Tony Massarotti, in this morning's Herald, addressed what many do not yet seem to have realized - the Yankees have got real serious starting pitching problems.
But the pitching? Even before spring training began, the Yankees had questions. Randy Johnson is 42 and Mike Mussina might as well be. Carl Pavano is hurt. Now, Jaret Wright is, too. Chien-Ming Wang and Shawn Chacon were two of the saviors of the Yankees staff last season, along with 34-year-old nomad Aaron Small.

So far this spring, Pavano (back) and Small (hamstring) have been lost to injury. Wright (back) is now out, too. Opening Day is currently 10 days away and the Yankees do not have a fifth starter, though Torre is hopeful that Wright will not be out long.

I'm not sure that an early return for Jaret Wright is actually something to be hopeful for, but this take is, I think, pretty accurate.

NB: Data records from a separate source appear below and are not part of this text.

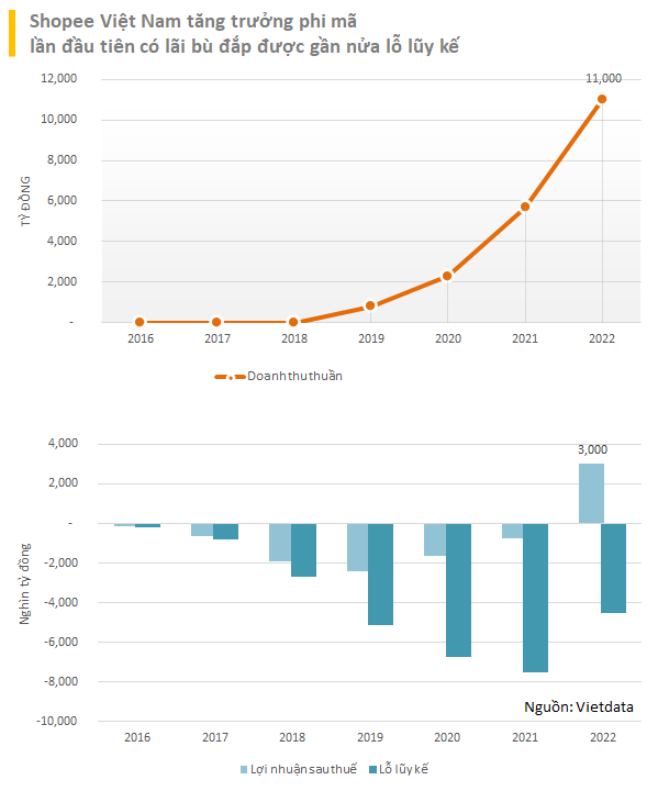 Từ năm 2020, Shopee đã bắt đầu giảm lỗ và đến năm 2022, sàn thương mại điện tử này đã hái "quả ngọt" khi doanh thu tăng trưởng phi mã lên gần 11.000 tỷ đồng, tăng 92.2% so với cùng kỳ năm 2021. Đồng thời, sau nhiều năm hoạt động không có lời, vào năm 2022, Shopee Việt Nam đã có mức lợi nhuận sau thuế đạt hơn 3.000 tỷ đồng, giảm lỗ lũy kế xuống còn 4.500 tỷ đồng.
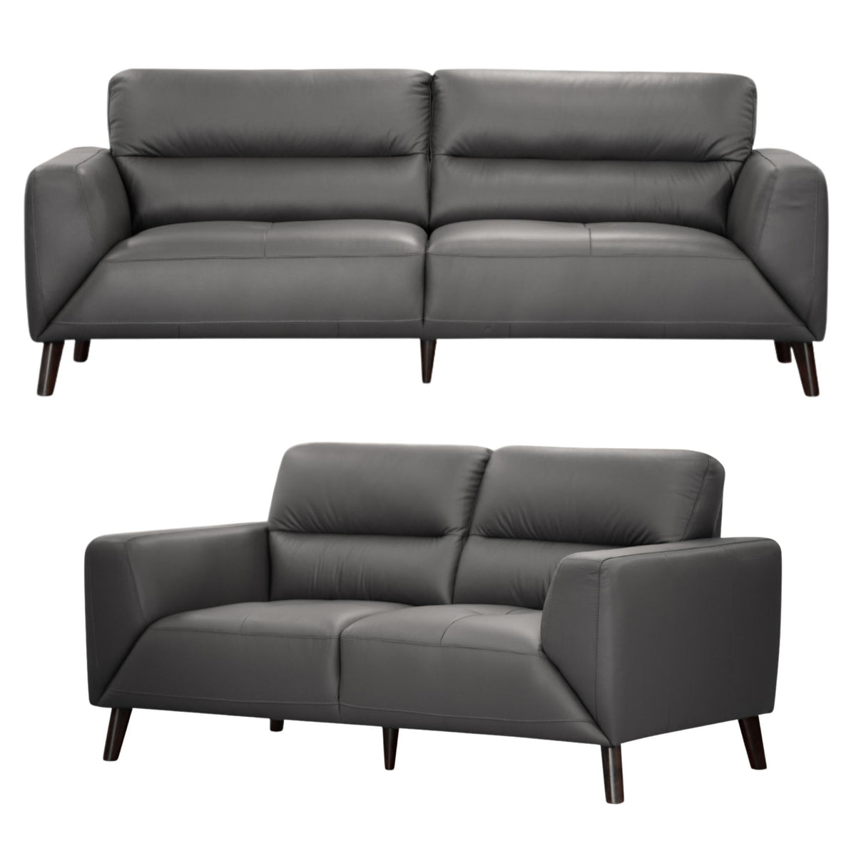 A luxurious lounge set that displays one of the best furniture arts. Place this beautiful sofa set, designed in a modern style, in your living area and see it become the most lovable corner of the house. The adorable set of 3-seater and 2-seater lounges features quilted seat details with super comfy lumbar support. The S-springs, webbing, and dense foam make the seats worth it. You can feel it when you sit or stretch your body on the lounge. The lounges have thick cushioning for added comfort, and they are upholstered in a 100% leather cover in gunmetal colour. The colour blends easily with any home interior theme or living space design. The stunning sofas also feature strong, timber legs. The structural frame of the lounge is made of sustainably harvested solid timber and plywood, giving it solid internal strength and making it durable. The frame has a five-year warranty; the foam and springs have a three-year warranty; the leather and stitching have a one-year warranty; and all other parts have a one-year warranty.
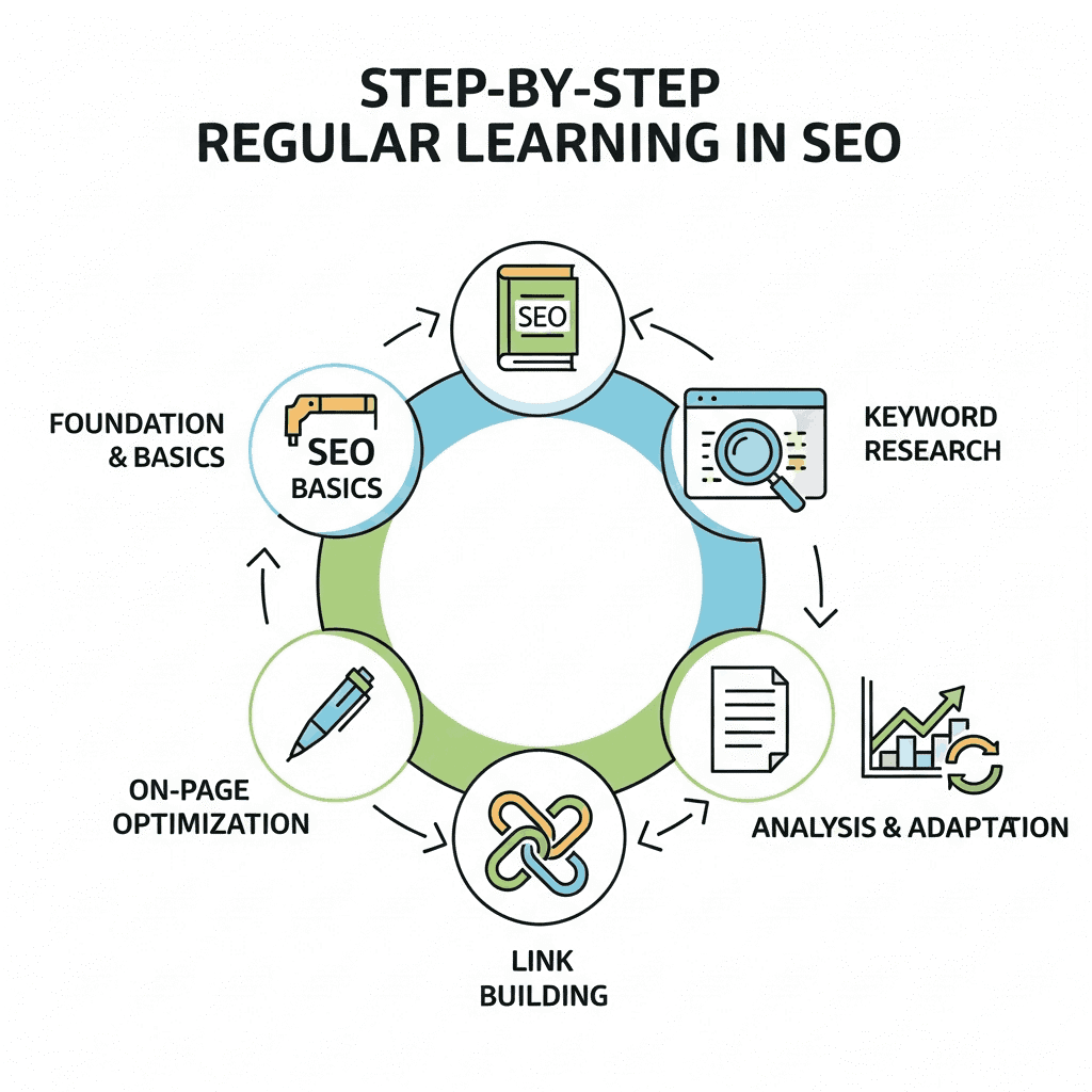 یکی از بزرگترین چالشهای مبتدیان در سئو، نداشتن مسیر یادگیری مشخص است. بدون یک برنامه آموزشی منسجم، افراد ممکن است زمان زیادی را صرف مطالعه مطالب پراکنده کنند و در نهایت نتایج مورد انتظار را به دست نیاورند. بسیاری از مبتدیان حتی پس از خواندن کتاب آموزش سئو یا مقالات آنلاین، احساس سردرگمی میکنند، چون نمیدانند کدام مهارت را باید ابتدا یاد بگیرند و چه ارتباطی بین بخشهای مختلف سئو وجود دارد.

Johnson and Mussina can both be expected to be very good. After that, they're very, very iffy. Pavano and Wright are both expensive, injury-prone, and authors of a single good season sprinkled among a sea of bad-to-mediocre ones. Aaron Small was unbelievable last season, unbelievable in a Faustus-sells-his-soul-for-a-good-short-run fashion. Chacon and Small are the perfect illustrations of "journeyman catches lightning in a bottle" and no one thought Wang was a serious prospect a year ago. Scott Erickson is a former famous person who, according to Peter Gammons "took no-hit stuff to the mound more often than anyone else," but was never great, and his last season that was at least mediocre was seven years ago. They may be able to piece a competent staff together, but they're likely going to need to score a LOT of runs to be competitive.

They will, of course, score a lot of runs. Massarotti addressed this, too, in a way that seems like he was serious but isn't particularly realistic.
Oh, the Yankees have quite a lineup this season, the kind that could score 1,000 runs with no trouble at all. The Yankees will start a candidate for the Most Valuable Player award at nearly every position on the diamond. America has not seen a cast like this since “The Godfather.”

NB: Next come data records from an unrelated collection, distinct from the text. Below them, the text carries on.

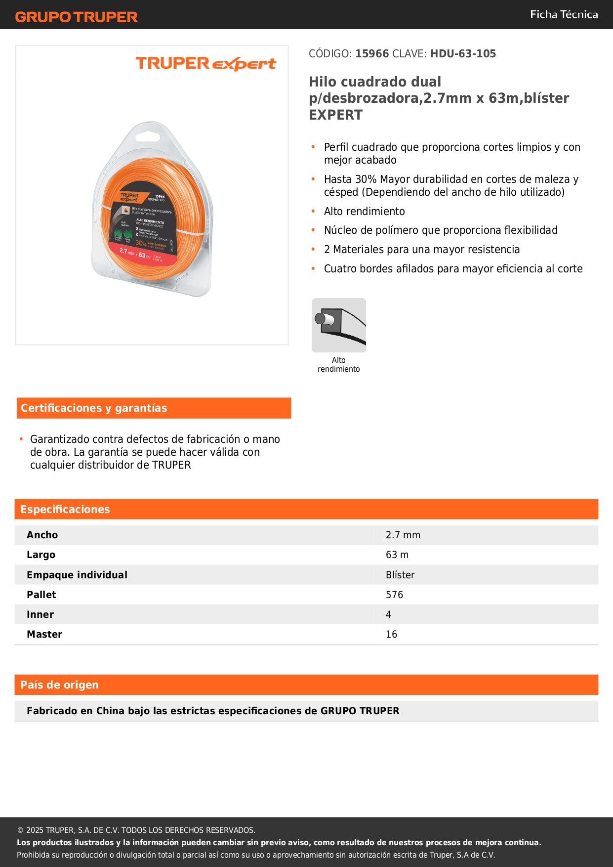 - Diámetro 2.7mm: Grosor ideal para trabajos medianos y pesados en maleza, pasto y vegetación densa
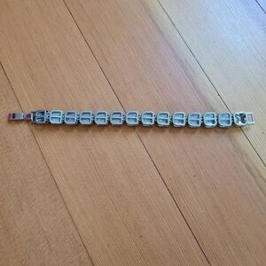 y2k pink & silver square gem bracelet, in excellent pre owned condition with no signs of wear or damage. I don't know what it's made out of.
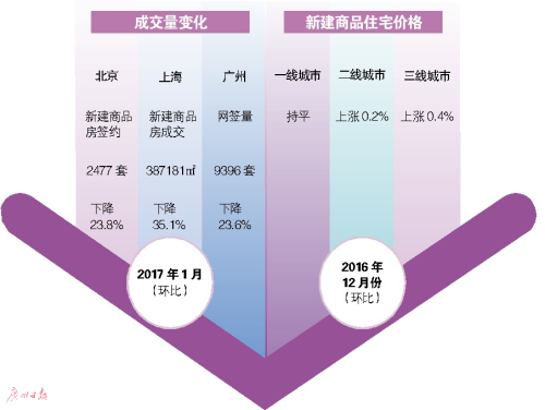 國(guó)家統(tǒng)計(jì)局70個(gè)大中城市住宅銷(xiāo)售價(jià)格統(tǒng)計(jì)數(shù)據(jù)顯示,2016年12月份有46座城市新建商品住宅價(jià)格環(huán)比上漲,2016年11月份為55座城市上漲,價(jià)格環(huán)比上漲的城市個(gè)數(shù)在減少。其中一線城市新建商品住宅價(jià)格環(huán)比由上月的上漲0.1%轉(zhuǎn)為持平;二線城市新建商品住宅價(jià)格上漲0.2%,比上月回落0.2個(gè)百分點(diǎn);三線城市新建商品住宅價(jià)格上漲0.4%,比上月回落0.4個(gè)百分點(diǎn)。15個(gè)一線和熱點(diǎn)二線城市因地制宜、因城施策實(shí)施調(diào)控政策以來(lái),政策效果明顯,房?jī)r(jià)快速趨穩(wěn)回落。其中廣州市已連續(xù)三個(gè)月環(huán)比漲幅回落。

Since the 1950 Red Sox scored 1027 runs, there has been one (1) major league team that scored more than a 1000 runs, the 1999 Cleveland Indians with 1009. The idea that any lineup in baseball could score 1000 runs "with no trouble" is just silly. The 2005 New York Yankees were 114 runs shy of that mark, scoring 886. They have replaced some Tino Martinez at-bats with Jason Giambi at-bats, and Tony Womack's at-bats with some Robinson Cano at-bats. They've also replaced some of Womack's and a lot of Bernie Williams' with Johnny Damon's. But no one in the lineup, other than Cano, is under the age of 30. Other than CF, there is no position where they can realistically expect a significant upgrade over what they got last year. (Actually, looking at their roster, it seems likely that Bernie Williams will still be in the lineup every day, playing DH with Giambi at first. The alternative, unless I'm missing someone, is Giambi at DH with Andy Phillips at first. Neither one of those is a great situation.)

In any event, I'll be shocked if they score 950, never mind 1000. Right around 900, give or take 20, is what it looks like to me, without a significant projection effort. 1000 runs would be more than a 12% improvement over what they did last year. I don't see it...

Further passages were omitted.